PEF 1.0 - Portable Embosser Format
Working draft, revised 21 October 2008
- This version:
- http://www.daisy.org/projects/braille/braille_workarea/pef/pef-specification.html
- Author:
- Joel Håkansson
- Contributors:
- Sean Brooks, Linus Ericson, Markus Gylling, Stefan Hofstetter, Robert
Jaquiss, Piotr Kiernicki, Fredrik Larsson, Rob Longstaff, Björn
Nyqvist, Stephen Phippen, Matthias Ragaz, Per Sennels, Richard Stones,
Jennifer Sutton, Björn Westling, Markus Wildi
Abstract
This document specifies the Portable Embosser Format (PEF), a data format
for representing braille books. PEF is an XML 1.0
application.
Status of this
Document
This document is a working draft.
Table of
Contents
Introduction
This section is informative.
What is PEF?
The Portable Embosser Format (PEF) is a document type that represents
braille pages in digital form, accurately and unambiguously; regardless of
language, location, embosser settings, braille code and computer environment.

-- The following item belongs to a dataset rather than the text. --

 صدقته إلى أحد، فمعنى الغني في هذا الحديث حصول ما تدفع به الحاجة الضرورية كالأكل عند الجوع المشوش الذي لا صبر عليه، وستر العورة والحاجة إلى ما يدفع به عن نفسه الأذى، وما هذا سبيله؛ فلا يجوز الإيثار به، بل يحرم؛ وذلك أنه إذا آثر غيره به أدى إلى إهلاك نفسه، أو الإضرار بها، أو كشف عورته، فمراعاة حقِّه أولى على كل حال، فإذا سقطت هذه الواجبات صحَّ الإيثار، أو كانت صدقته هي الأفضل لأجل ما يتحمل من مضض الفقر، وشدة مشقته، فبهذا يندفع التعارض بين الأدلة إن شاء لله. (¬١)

It can be used for braille embossing and archiving anywhere in the world, no
matter where nor how it was produced. PEF allows new features to be added,
such as ink overlay or tactile graphics, thus enabling a completely automated
production of advanced braille books.
Why is PEF Necessary?
PEF brings a number of things to braille production:
- Metadata. A PEF file provides information about its contents.
- A braille publishing standard. Since the PEF file format is defined in
a publicly available standard, there is never any doubt about how to
interpret or use the contents of a PEF file.

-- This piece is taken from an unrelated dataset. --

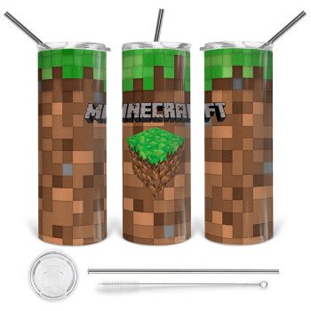 Minecraft dirt, Tumbler ποτήρι θερμό από ανοξείδωτο ατσάλι 600ml, με μεταλλικό καλαμάκι & βούρτσα καθαρισμού

- A proper file format for braille. Having a proper file format means,
among other things, that file integrity can be tested to detect
errors.
- World wide file sharing. Because PEF is specified and the braille
representation unambiguous, it can be shared with anyone in the world.
For example, braille music is very expensive to produce, but the braille
code used in musical notation is the same all over the world. With PEF,
this material can be shared in electronic form with anyone.
- Archive safety. Because PEF is specified and the braille representation
unambiguous, PEF documents can be safely archived for the future.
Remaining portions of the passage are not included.